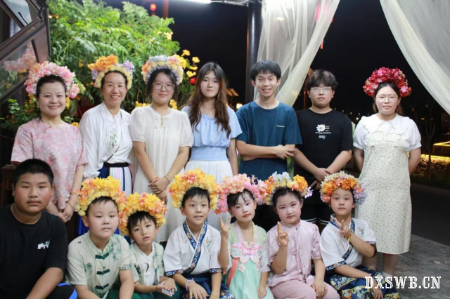 在追求文化多样性与传承的今天,非物质文化遗产的保护和传播变得尤为重要。为了向年轻一代普及和传承珍贵的非遗文化,2024年8月9日“教育守望,智汇归巢”实践队组织开展具有传统特色的穿汉服戴簪花的艺术体验活动,邀请了社区小朋友们穿着汉服亲自动手学习制作簪花,感受传统文化的魅力。
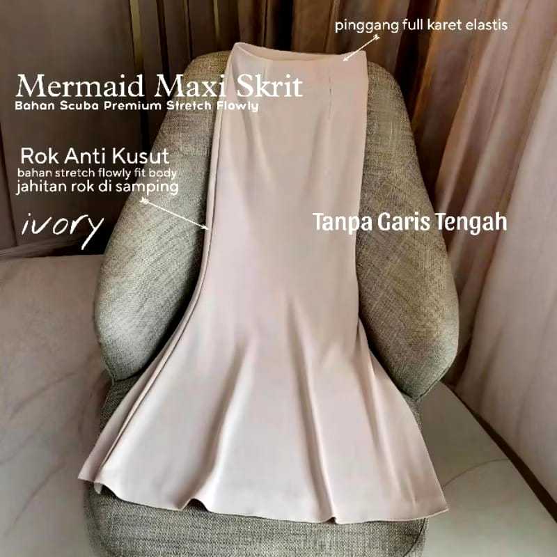 MERMAID MAXI SKIRT - ROK FLARE PANJANG WANITA MERMAID MAXI SKIRT SCUBA PREMIUM ANTI KUSUT STRETCH FLOWLY
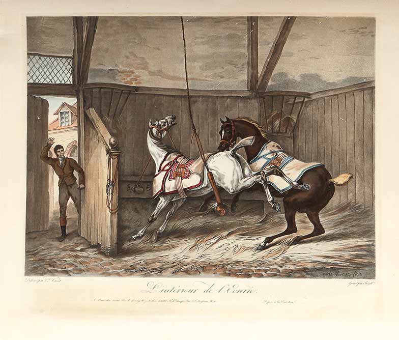 Chevaux dans l’ecurieIntérieur de l’écurie. Gravure de Jazet d’après une peinture de Carle Vernet. Estampe à l’aquatinte en couleurs, collée sur un support cartonné. Tirage ancien du début du XIXe siècle ; 50 x 59,5 cm. Accrocs minimes ne nuisant...

***

Activity: In your copy, include no pictures; print every line above exactly.

Response area:
 在追求文化多样性与传承的今天,非物质文化遗产的保护和传播变得尤为重要。为了向年轻一代普及和传承珍贵的非遗文化,2024年8月9日“教育守望,智汇归巢”实践队组织开展具有传统特色的穿汉服戴簪花的艺术体验活动,邀请了社区小朋友们穿着汉服亲自动手学习制作簪花,感受传统文化的魅力。
 MERMAID MAXI SKIRT - ROK FLARE PANJANG WANITA MERMAID MAXI SKIRT SCUBA PREMIUM ANTI KUSUT STRETCH FLOWLY
 Chevaux dans l’ecurieIntérieur de l’écurie. Gravure de Jazet d’après une peinture de Carle Vernet. Estampe à l’aquatinte en couleurs, collée sur un support cartonné. Tirage ancien du début du XIXe siècle ; 50 x 59,5 cm. Accrocs minimes ne nuisant...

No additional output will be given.